After being in the downtrend in the first half of the year, deals in listed companies will revive, say experts, making it easier for the cash-starved firms to raise capital.

The Securities and Exchange Board of India, after receiving comments from various parties, said QIPs should be based on the average price of the shares two weeks prior to the issue.

The earlier pricing formula had made matters worse for investors as it required to take an average price of six months or 15 days, whichever is higher.

In a bear market, where stocks fall sharply, the QIP price always exceeds the current market price and investors are not willing to pay a premium for shares, which are available at rock-bottom prices.

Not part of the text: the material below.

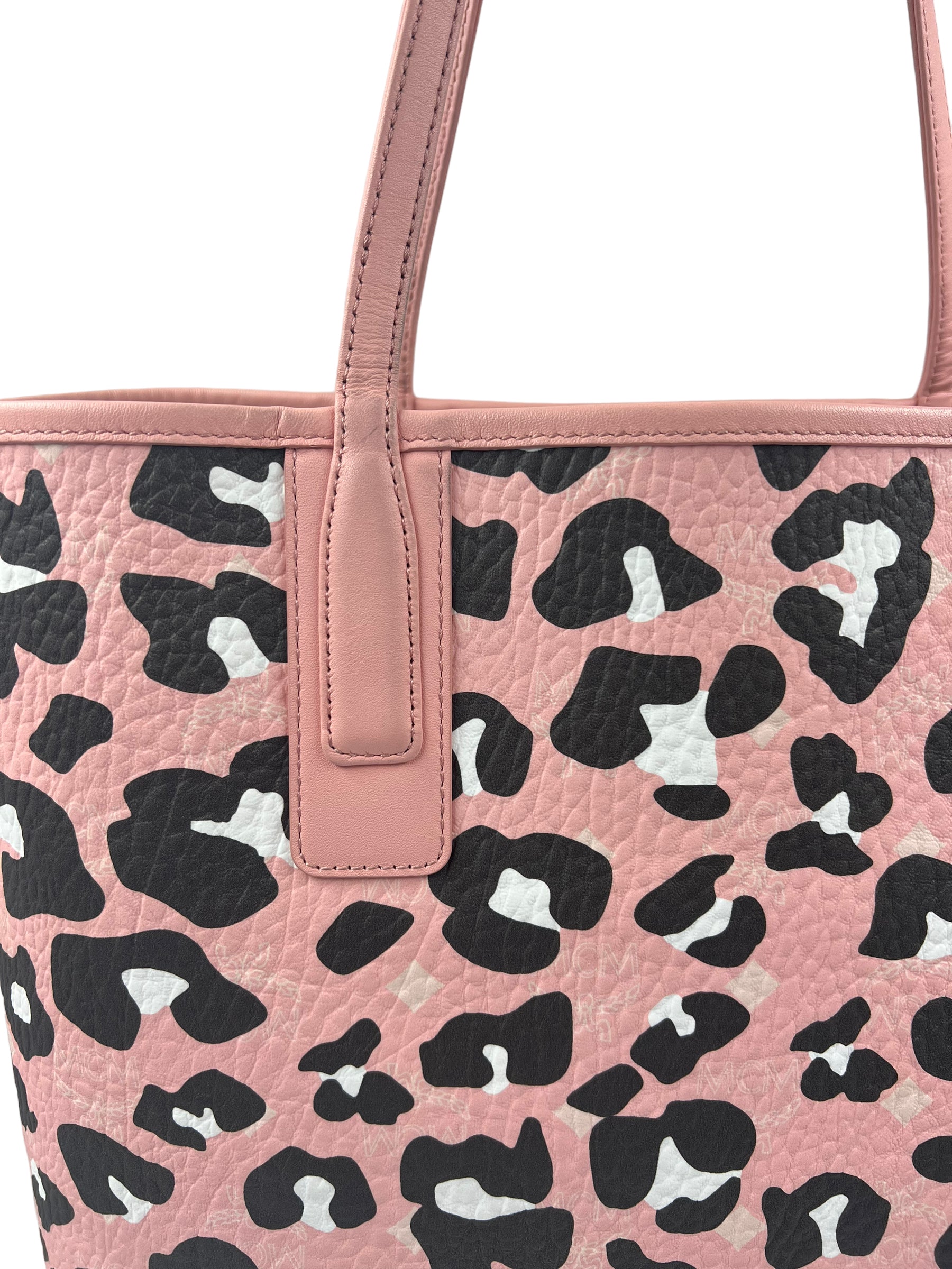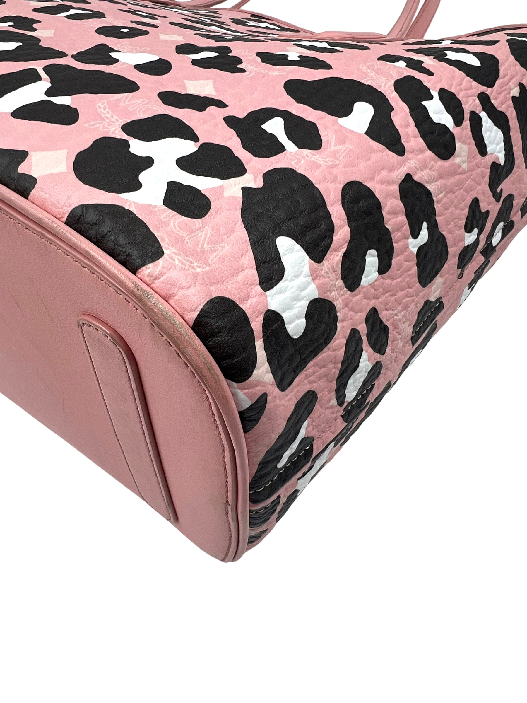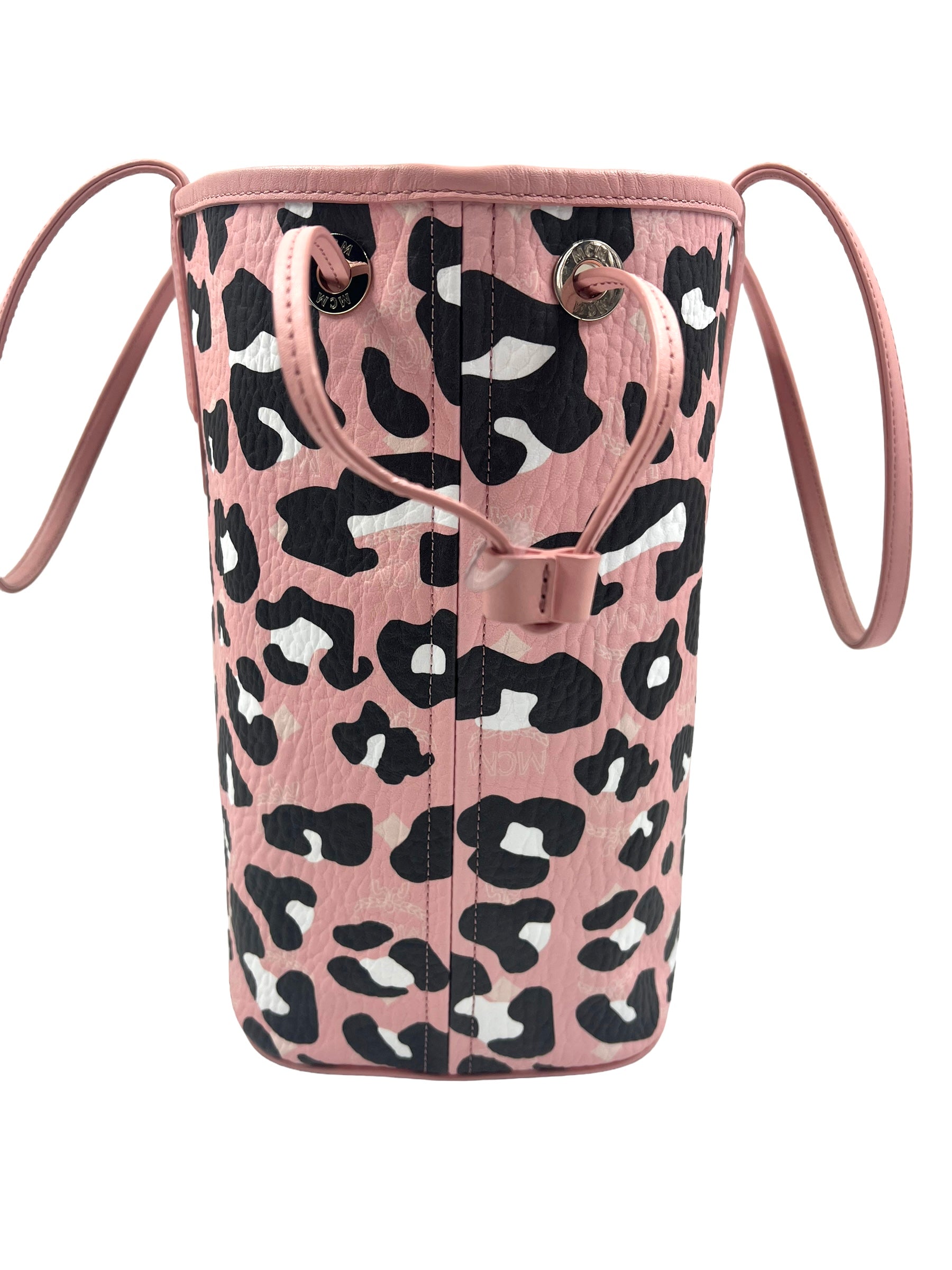 MCM Pink Leopard Print Medium Aren Shopper Tote

Venture Intelligence chief executive officer Arun Natarajan says, "The earlier pricing formula was not conducive to PIPE deals as there was a disconnect between the current price of a share and the price at which it is being offered to institutional investors. But with the new regulations, pricing will be closer to the current market price in PIPEs.

"Such deals may move up pretty sharply in the next few months as valuations have become attractive for PE players."

During the bull run in 2007, numerous PIPE deals were done with private equity players. The buoyant sentiment in equity markets prompted a lot of firms to go for QIPs and preferential allotments, one of the modes for doing a PIPE deal.

However, with the credit market in turmoil and a steep slump in stocks, these deals have witnessed a decline. A lot of these deals have been yielding negative returns, reversing the mood of PE funds towards such deals.

Baer Capital Partners President and Founder Alok Sama says, "A significant impediment to PIPEs in the current environment is the disconnect between the current market price and the pricing based on Sebi norms (the latter typically being substantially higher). With pricing now based on a two-week window and therefore much more aligned with market, I would expect a renewed focus on PIPEs."

QIP deals in 2008 were impacted the most, with only seven issues from January to July compared to 17 in the corresponding period last year.

The total amount mopped up was significantly higher last year at Rs 8,421.54 crore (Rs 84.22 billion) as compared with just Rs 3,472.16 crore (Rs 34.72 billion) during the same period this year, according to Prime Database.

Says Gautam Gupte, director, Equity Capital Markets, Ambit Corporate Finance, "Now, deals will come within the realm of possibility. The QIP market was virtually dead. We have not seen a QIP issue in the last three months. But with this change in regulations, pricing will be closer."